The prison we wrote about last week has taken a radical approach to prison reform: It has turned over its programming to an Evangelical organization called Prison Fellowship Ministries. Ten years in, the experiment is considered by some to be a success; by others, to be an unconstitutional failure.

One reader, who says he has been working in the Texas Department of Criminal Justice system for 20 years as a mental health professional, says the article fails to make mention of the work of Stanton E. Samenow, one of the leading experts on Antisocial Personality Disorder.

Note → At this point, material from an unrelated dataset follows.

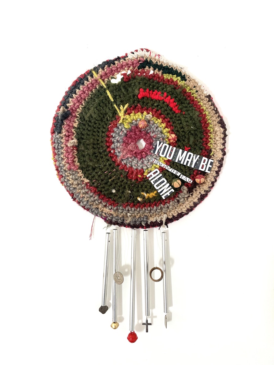 Acchiappasogni ist ein runder Traumfänger, den ich gehäkelt und umgedreht habe, um seine „nicht perfekte“ Seite zu zeigen. Ich habe darin Wörter und Gegenstände zusammengesetzt, die mit dem Reisen und dem Kult zu tun haben und die so nur für mich verständlich sind. Die Metallröhrchen und Glöckchen, die von dem Traumfänger baumeln, klingen, wenn man sie berührt oder ein Luftzug weht – so erhält das Kunstwerk also eine Stimme.

“This esteemed psychologist,” the reader writes, “was involved in a longitudinal study which focused on traditional psychotherapeutic intervention [of] the population in question. Bottom line: None of these traditional approaches worked. Hence, the proposed treatment of choice was focusing on ‘criminal thinking errors.’ One of these thinking errors was that of religion. You can compare this to the Mafia going to communion after making a hit.”

The InnerChange program, as we noted, has been bothed criticized and praised, in these pages and elsewhere. But most who participate in it say it works.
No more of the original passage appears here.